[Records from a dataset]
▽

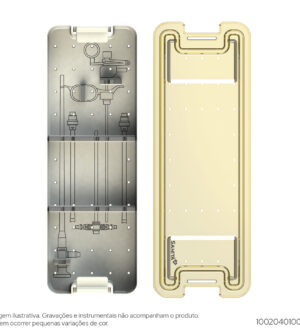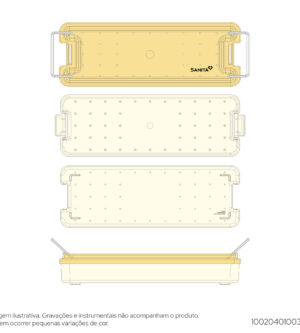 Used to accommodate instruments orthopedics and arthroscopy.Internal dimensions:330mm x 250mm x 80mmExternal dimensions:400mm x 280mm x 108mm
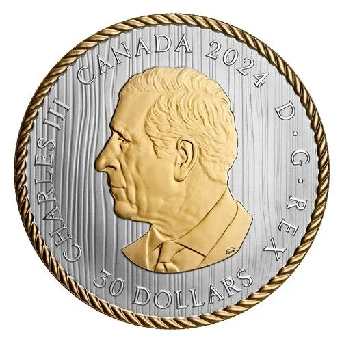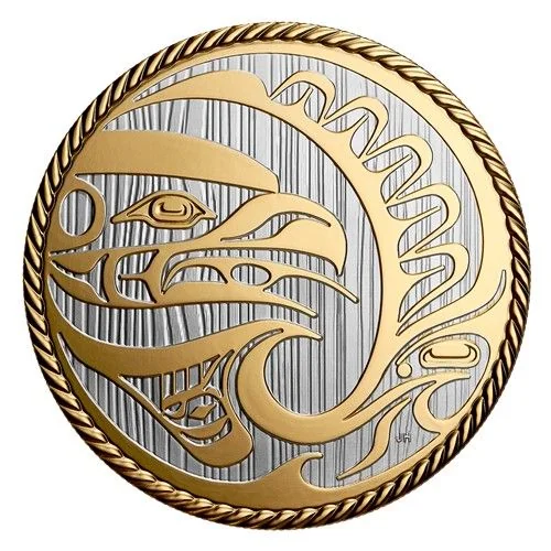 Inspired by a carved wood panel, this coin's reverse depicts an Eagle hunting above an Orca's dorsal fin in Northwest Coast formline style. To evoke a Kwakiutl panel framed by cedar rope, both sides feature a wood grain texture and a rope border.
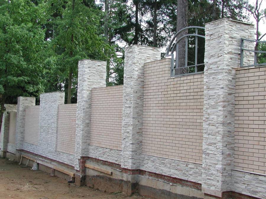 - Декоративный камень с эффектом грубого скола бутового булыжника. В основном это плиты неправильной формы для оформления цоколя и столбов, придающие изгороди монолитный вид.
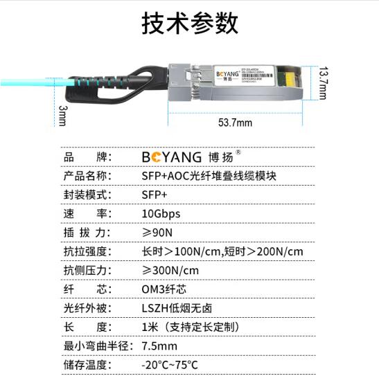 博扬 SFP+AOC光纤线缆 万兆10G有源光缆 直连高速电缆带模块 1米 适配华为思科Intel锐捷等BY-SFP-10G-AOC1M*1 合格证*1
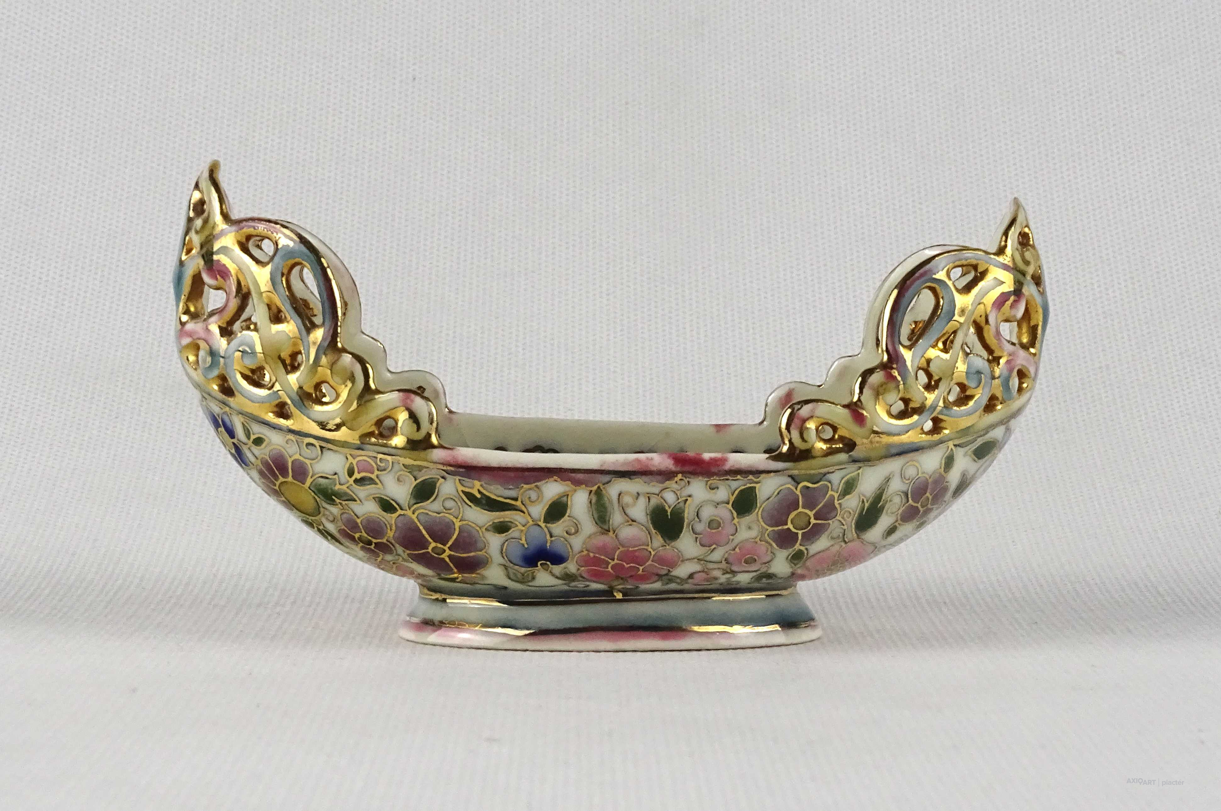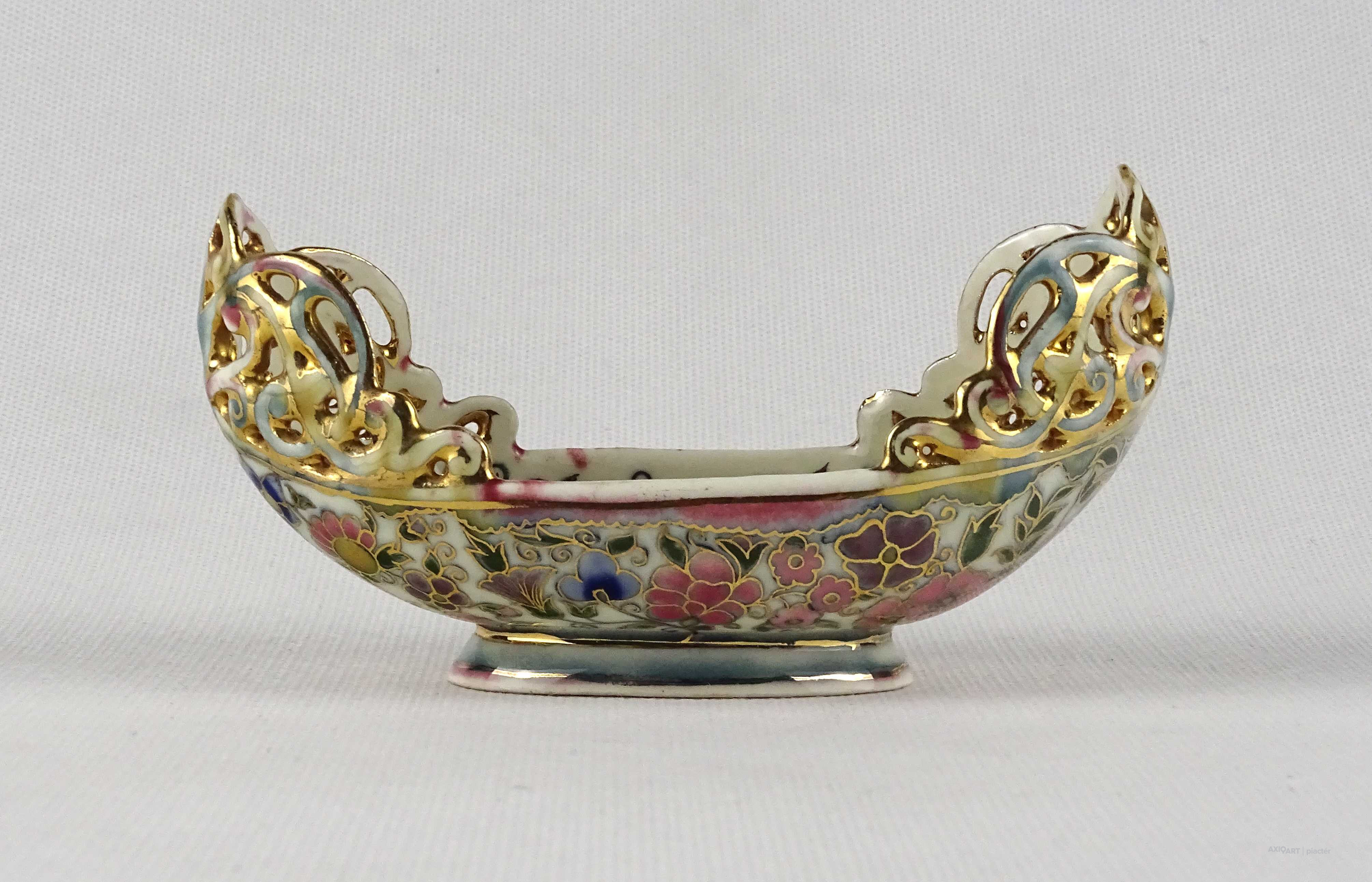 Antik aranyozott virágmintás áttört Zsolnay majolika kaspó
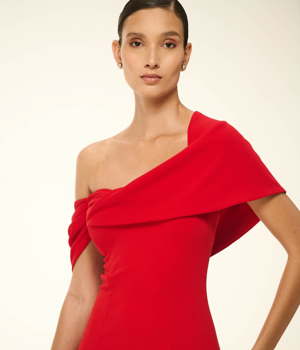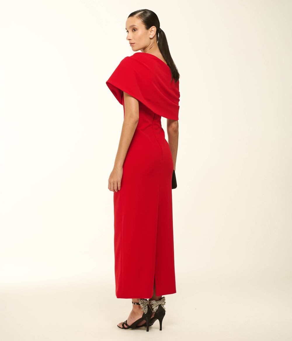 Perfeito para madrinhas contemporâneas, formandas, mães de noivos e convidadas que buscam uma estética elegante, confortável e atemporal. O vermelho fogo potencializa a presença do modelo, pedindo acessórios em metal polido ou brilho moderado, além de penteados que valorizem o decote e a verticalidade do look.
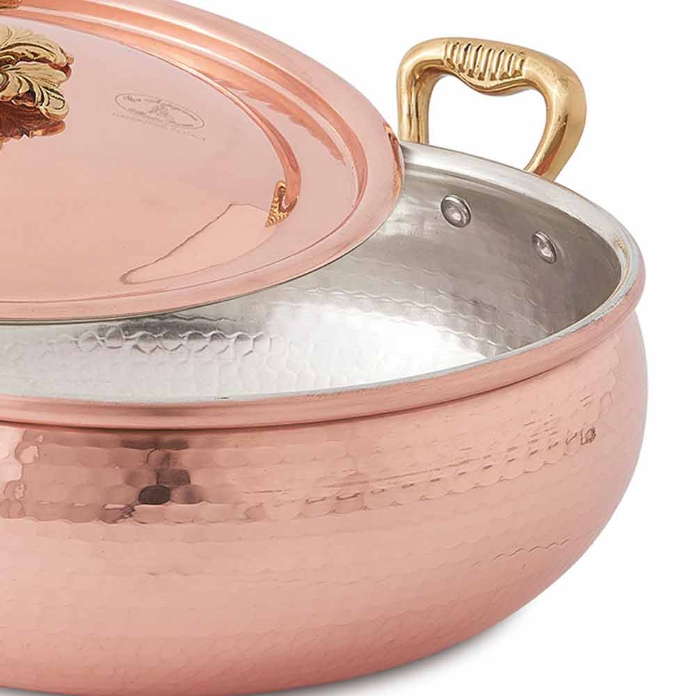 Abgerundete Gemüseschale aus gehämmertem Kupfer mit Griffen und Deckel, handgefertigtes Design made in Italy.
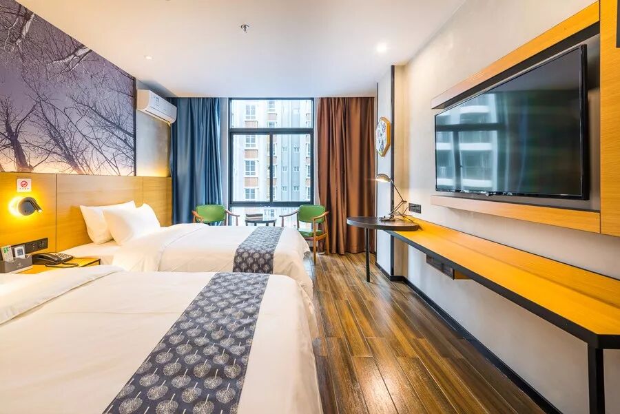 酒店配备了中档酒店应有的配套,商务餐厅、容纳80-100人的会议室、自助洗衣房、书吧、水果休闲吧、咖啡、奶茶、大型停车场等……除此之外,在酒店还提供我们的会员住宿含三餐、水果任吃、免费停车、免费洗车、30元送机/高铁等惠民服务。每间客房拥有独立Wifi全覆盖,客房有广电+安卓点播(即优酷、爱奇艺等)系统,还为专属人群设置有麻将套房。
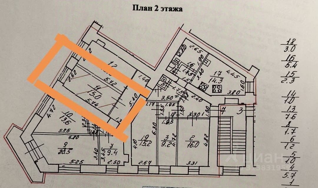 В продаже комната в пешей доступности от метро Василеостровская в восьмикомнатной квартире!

△

> [The task] Reproduce every entry word for word, but omit the pictures.

> [Output for this exercise]
 Used to accommodate instruments orthopedics and arthroscopy.Internal dimensions:330mm x 250mm x 80mmExternal dimensions:400mm x 280mm x 108mm
 Inspired by a carved wood panel, this coin's reverse depicts an Eagle hunting above an Orca's dorsal fin in Northwest Coast formline style. To evoke a Kwakiutl panel framed by cedar rope, both sides feature a wood grain texture and a rope border.
 - Декоративный камень с эффектом грубого скола бутового булыжника. В основном это плиты неправильной формы для оформления цоколя и столбов, придающие изгороди монолитный вид.
 博扬 SFP+AOC光纤线缆 万兆10G有源光缆 直连高速电缆带模块 1米 适配华为思科Intel锐捷等BY-SFP-10G-AOC1M*1 合格证*1
 Antik aranyozott virágmintás áttört Zsolnay majolika kaspó
 Perfeito para madrinhas contemporâneas, formandas, mães de noivos e convidadas que buscam uma estética elegante, confortável e atemporal. O vermelho fogo potencializa a presença do modelo, pedindo acessórios em metal polido ou brilho moderado, além de penteados que valorizem o decote e a verticalidade do look.
 Abgerundete Gemüseschale aus gehämmertem Kupfer mit Griffen und Deckel, handgefertigtes Design made in Italy.
 酒店配备了中档酒店应有的配套,商务餐厅、容纳80-100人的会议室、自助洗衣房、书吧、水果休闲吧、咖啡、奶茶、大型停车场等……除此之外,在酒店还提供我们的会员住宿含三餐、水果任吃、免费停车、免费洗车、30元送机/高铁等惠民服务。每间客房拥有独立Wifi全覆盖,客房有广电+安卓点播(即优酷、爱奇艺等)系统,还为专属人群设置有麻将套房。
 В продаже комната в пешей доступности от метро Василеостровская в восьмикомнатной квартире!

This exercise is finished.